A couple years ago, Kathy pushed out a series in the Plainsman Herald by John Havens. We are going to replay that on this blog over the next few weeks. Kathy’s intro is as follows:
A Little Bit of History, By Kathy Nutt.
“A while back we received a letter and several pages of history from John Havens of Pratt, KS. He grew up in Vilas area and would like to share his personal stories about growing up in Baca County with us. So we will have several episodes of his story and many of us can relate to happenings throughout his life story. Thank you Mr. Havens for sharing your life with us.“
Growing up in Baca County, Episode #2, by John Havens.
Before I was six years old we moved from the Harrison place to a basement house about a mile East. Dad built the basement house with intentions of building a house on it, but those plans never materialized.
This new place had no trees whereas at the Harrison place we had an orchard. Also a large vine was entwined around the windmill.
Dad built a small house-like entry way into the basement. I recall that the cream separator was in this little shelter and there was room to store various items.
Also we had a garage for our car and a little extra room for the hired man. Since my Dad and Uncle Jack nearly always had calves which they fed out until they were ready to ship to Kansas City, we always had a hired man.

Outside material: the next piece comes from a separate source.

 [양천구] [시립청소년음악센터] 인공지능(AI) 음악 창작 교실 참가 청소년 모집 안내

Also we had a well house next to the windmill. In it was a trough through which the well water would run, then from thee it was piped out to the tank in the corral. That water in the trough was our refrigerator. Mother would keep milk and butter in jars in that cold water in the trough.
I was always fascinated when butchering day came around. It seems to me it was always in the Fall of the year. Several of the neighbors and relatives came together to butcher three or four hogs.

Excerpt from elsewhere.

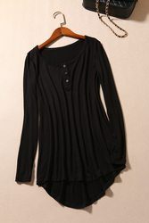 【反季清】女套头打底衫T恤前短后长椭圆下摆外翻卷边袖口森女范

I can still picture our neighbor Mrs. Bloom sitting on a chair in the yard cleaning the entrails and preparing the tubing to be used for sausage. Boy, have we come along ways since those days. Meanwhile, in the house other women were rendering lard, cooking cracklings, and doing something with most every part of that hog.
At the close of a very busy day the men gathered around the table for a big meal which the women had prepared. This was in the days before frozen dinners, or fast food from a drive-in. And after the meal they usually had to have a card game before going home.
These families, the hutches, my Mother’s people, the Blooms, and the Eatons, so often got together on Saturday nights to play cards and visit. They were very much like one big family because all of them had come together from Wilson, Kansas to file on homesteads South and Southeast of Vilas in 1914 or 1915. The Blooms later moved on to Canon City during the dust bowl days.
As a kid on the farm there was always fascination things to observe. To see a calf being born and see it learn to walk and feed off its mother. Then there was the surprise of seeing an old hen appear one day with a whole batch of new-born chicks. She had hidden her nest out someplace then surprised us with her new brood. And gathering eggs from the hen house was sometimes a challenge if an old hen didn’t want me to get her eggs and would peck my hand and scare me.
Not far from our house was the Sand Arroyo. Most of the year it was nothing more than a dry creek bed, but maybe a couple of times a year a heavy rain Northwest of us would send water surging down the arroyo. I enjoyed playing in the sand, and my pet, Big Dog was with me to protect me.